Happy Friday, Evolvers!
Today, we’ll dive deep into the mystery of trade alerts and I’ll reveal the secrets to using them correctly.
Then, we’ll look at one student’s recent woes when it comes to ‘holding and hoping,’ which illustrates why you should always cut your losses quickly.
But first, let’s discuss what’s going on in the overall markets…
Just as I predicted, the SPDR S&P 500 ETF Trust (NYSEARCA: SPY) got absolutely rocked yesterday, down nearly 2% intraday.
This bearishness is likely front-running today’s consumer price index (CPI) report as traders seem to be anticipating hotter-than-expected numbers.
Individual stocks on my watchlist for short positions have been dropping as well…
Congrats to anyone who had the conviction to short Nvidia Corporation (NASDAQ: NVDA), Tesla Inc. (NASDAQ: TSLA), or the ProShares Bitcoin Strategy ETF (NYSEARCA: BITO) into yesterday.

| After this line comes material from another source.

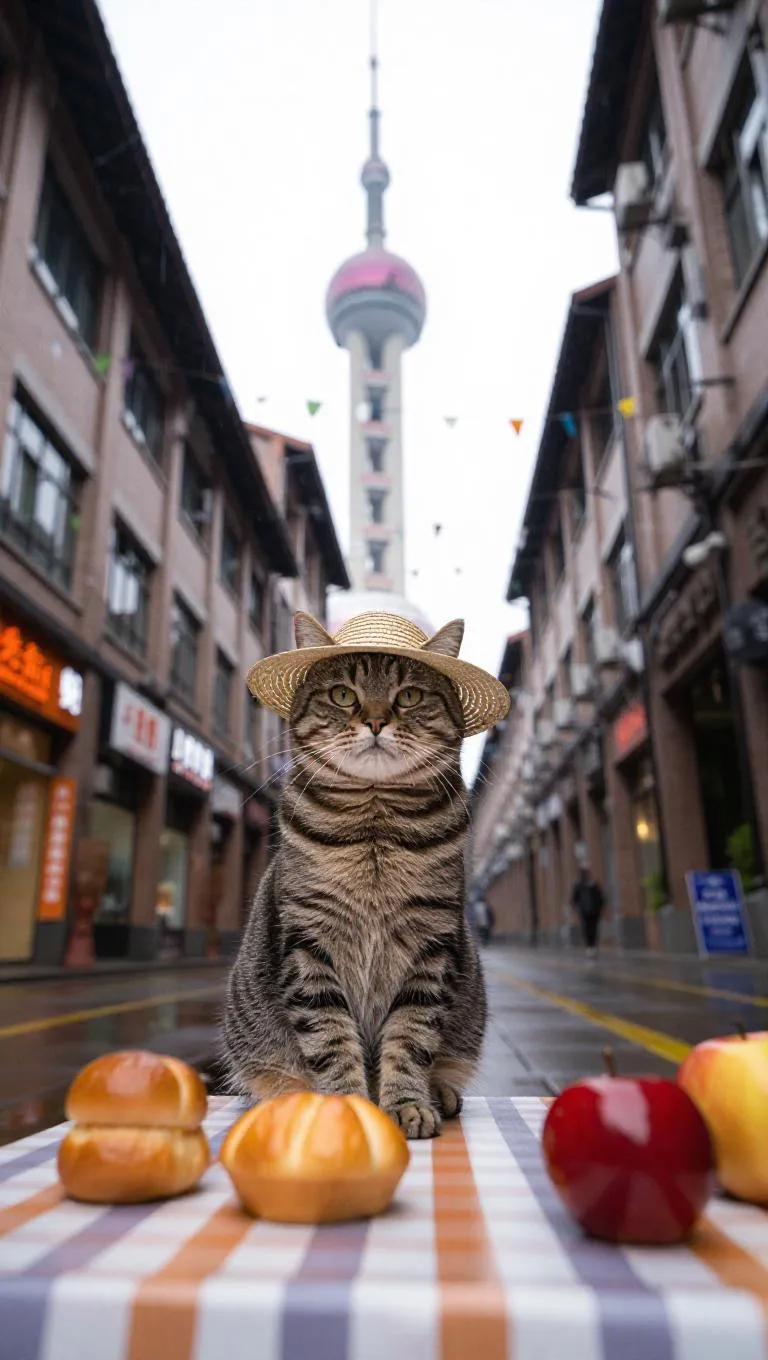A cat sits on a checkered blanket, wearing a straw hat, and gazes directly at the camera. Behind the cat, a white tower rises into the sky. To the right of the cat, there are three pastries on a table next to a red apple. The scene takes place on a city street, with buildings in the background, during a light rain shower.

These three names will remain near the top of my watchlist for potential put plays next week. Don’t ignore them!
But for now, it’s time for our Friday Q&A. Keep reading to see my answers to your questions…
“I acted on one of your trade alerts and got in and out quickly, right when you sent the messages. But my results were very different from yours. Why did this happen?”
For future reference, it would be helpful to know exactly which trade you’re talking about so that I could examine it in more detail.
That said, you may have been trying to chase my alert and copy my trade without doing your own due diligence.
WARNING: You’ll never become a self-sufficient trader by chasing my alerts!
I don’t send my trade alerts because I want my students to piggyback on my trades…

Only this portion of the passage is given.